About this exercise ▸ Restate word for word the lines of the listing below, from its first line through the line with "Figura 5 - Escombros do CAPS AD III", without the pictures.

Collected material ▸
——

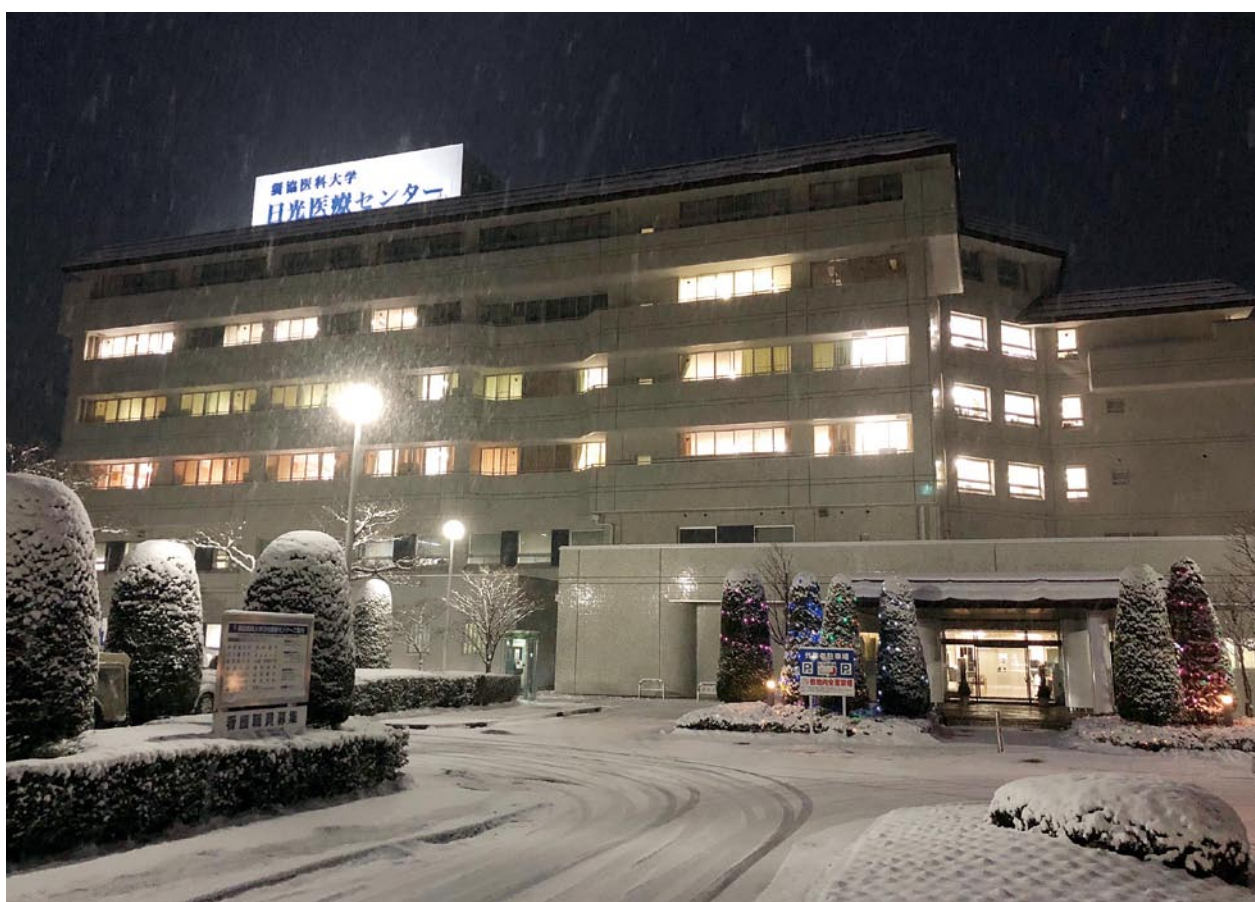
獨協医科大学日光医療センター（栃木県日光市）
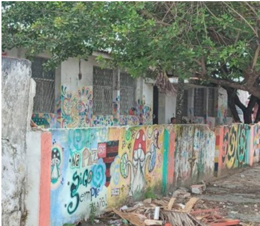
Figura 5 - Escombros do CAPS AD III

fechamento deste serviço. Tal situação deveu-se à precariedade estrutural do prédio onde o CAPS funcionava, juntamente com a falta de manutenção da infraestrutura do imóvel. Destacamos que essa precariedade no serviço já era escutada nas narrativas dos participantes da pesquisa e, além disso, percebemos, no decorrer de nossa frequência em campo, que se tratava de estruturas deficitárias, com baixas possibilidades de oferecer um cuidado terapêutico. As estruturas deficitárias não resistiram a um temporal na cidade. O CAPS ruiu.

——

Response to the exercise ▸
獨協医科大学日光医療センター（栃木県日光市）
Figura 5 - Escombros do CAPS AD III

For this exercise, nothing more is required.